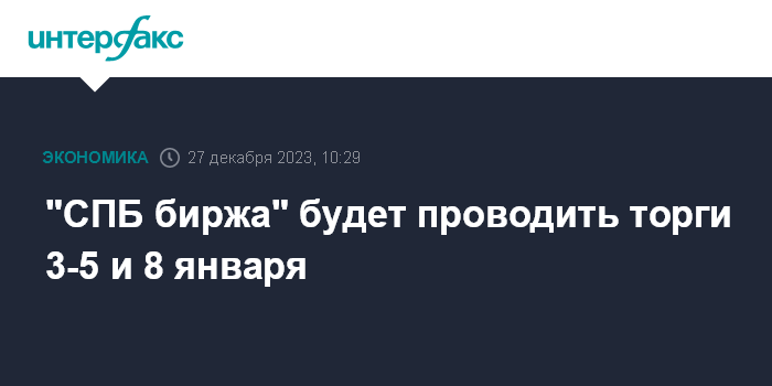 "СПБ биржа" будет проводить торги 3-5 и 8 января
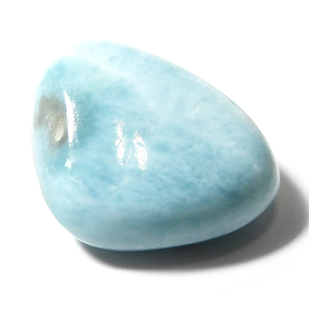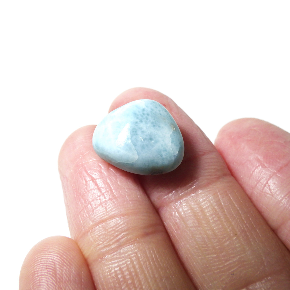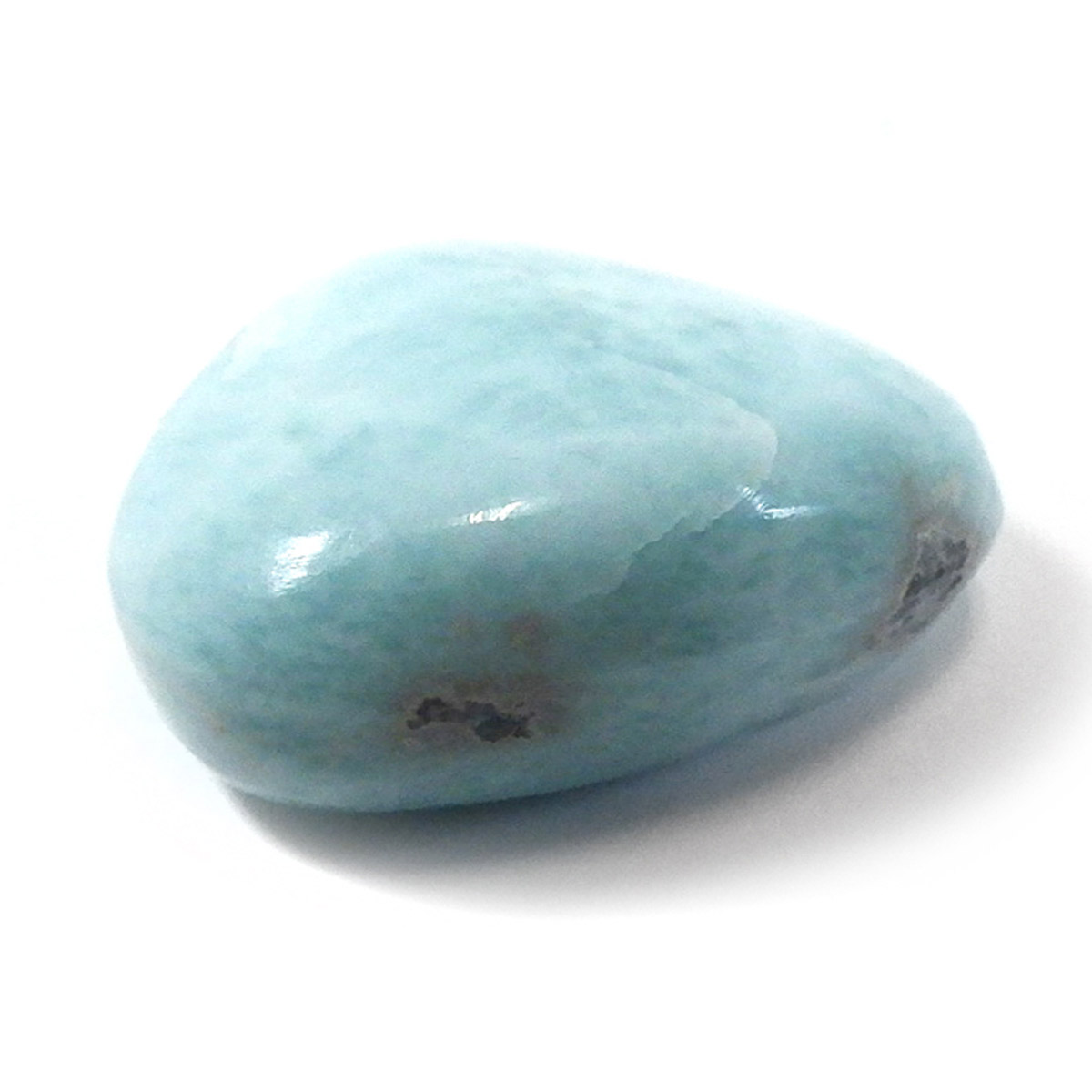 ドミニカ共和国産のラリマー、タンブルです。三大ヒーリングストーンに数えられるほど美しいラリマー、美しいカリブ海のような色合いのブルーとホワイトの模様がきれいに入っています。アクセサリーになるようなハイグレードのラリマーで撮影中に手に触れるだけでパワーを感じられました。1つでも十分癒されるのですが、複数個揃えられると気持ちが随分上がると思います。今のストレス社会には癒しが必要だと思いますので、この出会いに高品質ラリマーを是非いかがでしょうか。
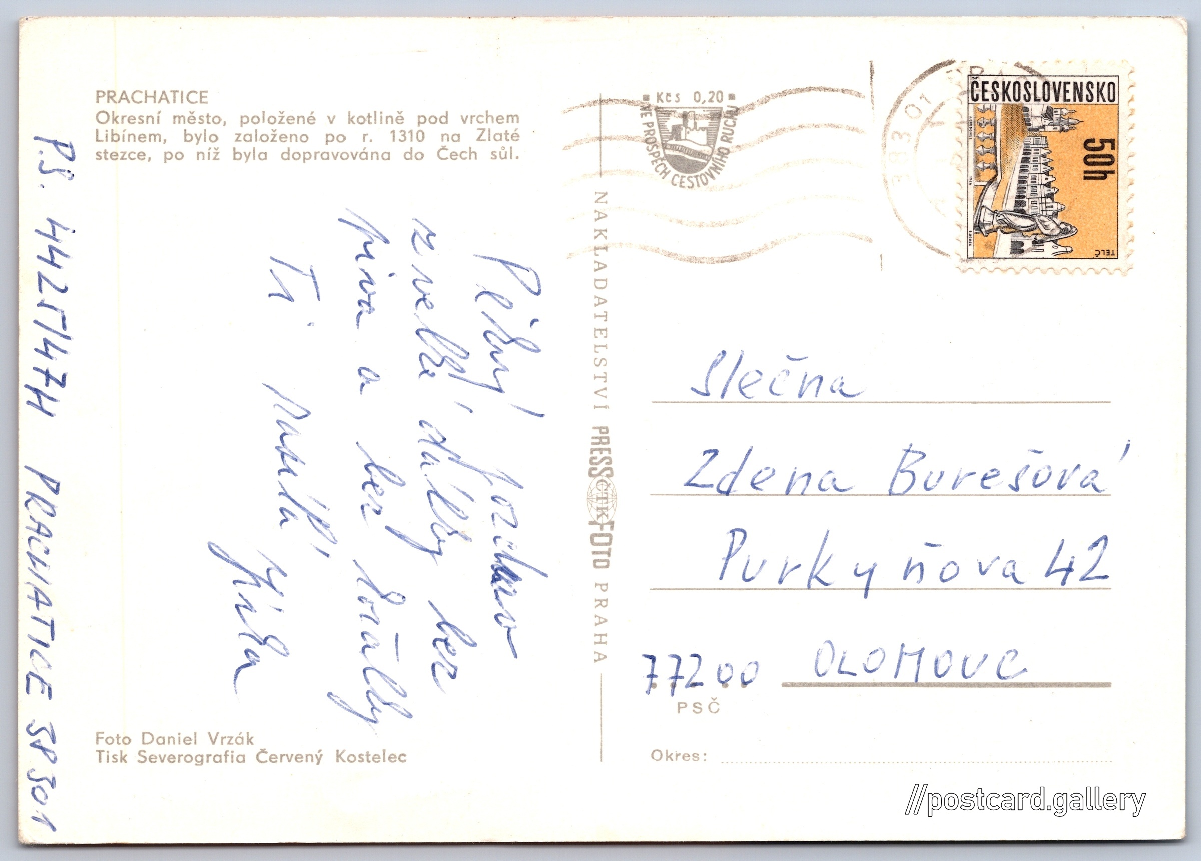 Prachatice, celkový pohled s mapou Pokud chcete vidět pohlednice ve vyšším rozlišení nebo zobrazovat jejich zadní stranu, tak se prosím nejdříve přihlašte Přihlásit Zaregistrovat Prachatice PRACHATICEOkresní město, položené v kotlině pod vrchem Libínem, bylo založeno po r. 1310 na Zlaté stezce, po níž byla dopravována do Čech sůl. Jazyk tištěného textu na pohlednici: čeština Prachatice, Město, Česko ukázat na mapě Vydavatel: PressFoto Praha (Československo) Datum vydání není známo Pomozte nám odhadnout datum vzniku pohlednice Velikost (š x v) a tvar pohlednice: 147 x 105 mm (5.79" x 4.13"), obdélník Osoby spjaté s touto pohlednicí: Daniel Vrzák(Autor fotografie) Prošlá poštou Ceny: Příplatek na tur. ruch: 0,20 Kčs (CSK))Vyplacené známky: 0,50 Kčs (CSK) DiskuseVložit příspěvek Přidat novou složku ... Spravovat složky ...
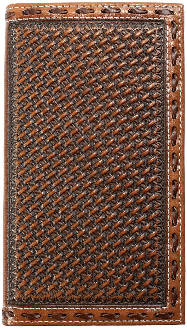 This classic 3D trifold rodeo wallet is genuine leather. Embossed basket weave design with twisted brown buck lacing. Multiple card and cash slots, multiple checkbook holders, pen holder and ID window on the inside.
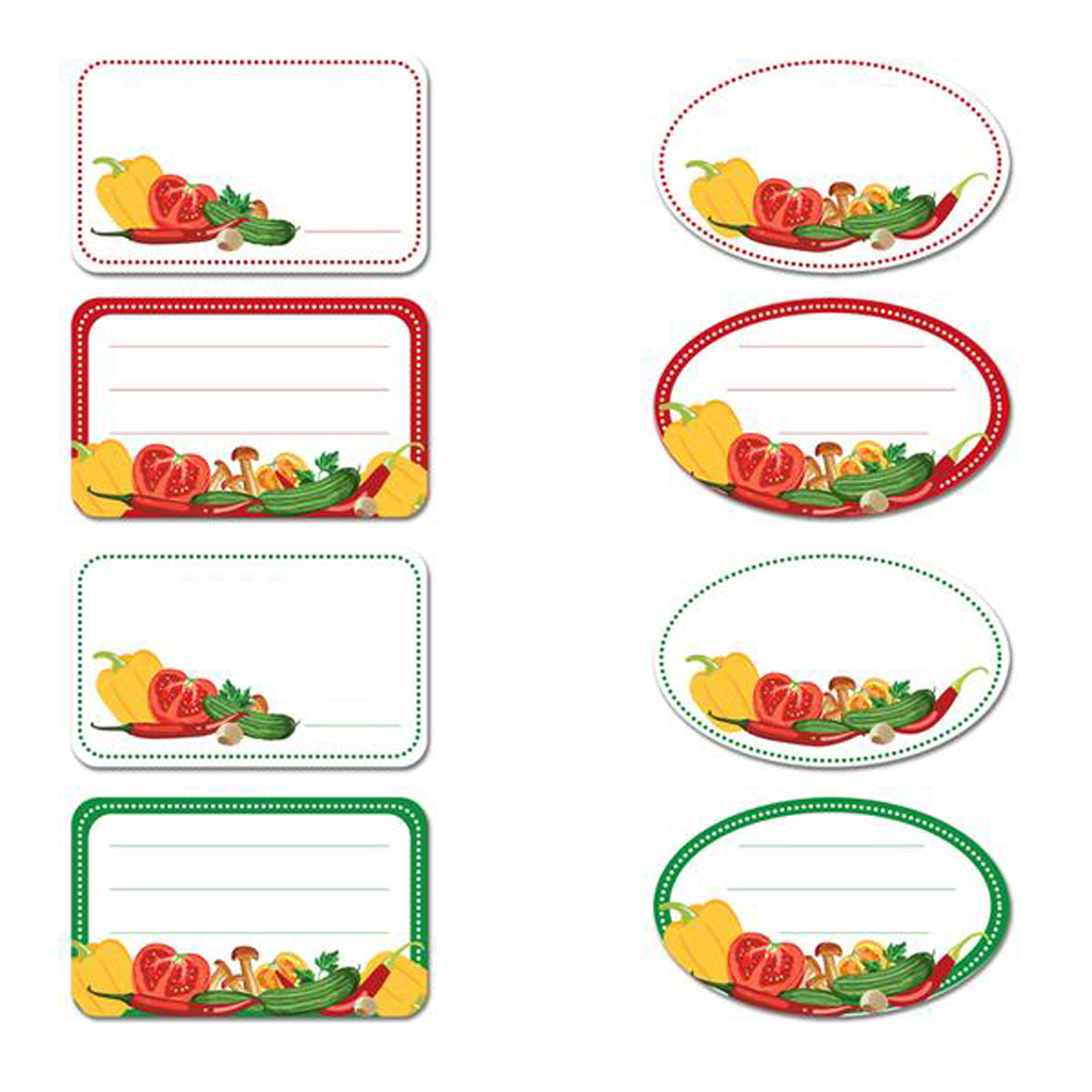 Ozdobné nálepky na sklenice, vhodné na zavařeniny. Vytvořte si vlastní štítky pro snadnější rozlišení a doveďte své domácí dobroty k dokonalosti. Krásný vzhled potěší každou hospodyňku.
------------
When you transcribe these entries, keep every word exact and drop the pictures.

**Reply**.
 "СПБ биржа" будет проводить торги 3-5 и 8 января
 ドミニカ共和国産のラリマー、タンブルです。三大ヒーリングストーンに数えられるほど美しいラリマー、美しいカリブ海のような色合いのブルーとホワイトの模様がきれいに入っています。アクセサリーになるようなハイグレードのラリマーで撮影中に手に触れるだけでパワーを感じられました。1つでも十分癒されるのですが、複数個揃えられると気持ちが随分上がると思います。今のストレス社会には癒しが必要だと思いますので、この出会いに高品質ラリマーを是非いかがでしょうか。
 Prachatice, celkový pohled s mapou Pokud chcete vidět pohlednice ve vyšším rozlišení nebo zobrazovat jejich zadní stranu, tak se prosím nejdříve přihlašte Přihlásit Zaregistrovat Prachatice PRACHATICEOkresní město, položené v kotlině pod vrchem Libínem, bylo založeno po r. 1310 na Zlaté stezce, po níž byla dopravována do Čech sůl. Jazyk tištěného textu na pohlednici: čeština Prachatice, Město, Česko ukázat na mapě Vydavatel: PressFoto Praha (Československo) Datum vydání není známo Pomozte nám odhadnout datum vzniku pohlednice Velikost (š x v) a tvar pohlednice: 147 x 105 mm (5.79" x 4.13"), obdélník Osoby spjaté s touto pohlednicí: Daniel Vrzák(Autor fotografie) Prošlá poštou Ceny: Příplatek na tur. ruch: 0,20 Kčs (CSK))Vyplacené známky: 0,50 Kčs (CSK) DiskuseVložit příspěvek Přidat novou složku ... Spravovat složky ...
 This classic 3D trifold rodeo wallet is genuine leather. Embossed basket weave design with twisted brown buck lacing. Multiple card and cash slots, multiple checkbook holders, pen holder and ID window on the inside.
 Ozdobné nálepky na sklenice, vhodné na zavařeniny. Vytvořte si vlastní štítky pro snadnější rozlišení a doveďte své domácí dobroty k dokonalosti. Krásný vzhled potěší každou hospodyňku.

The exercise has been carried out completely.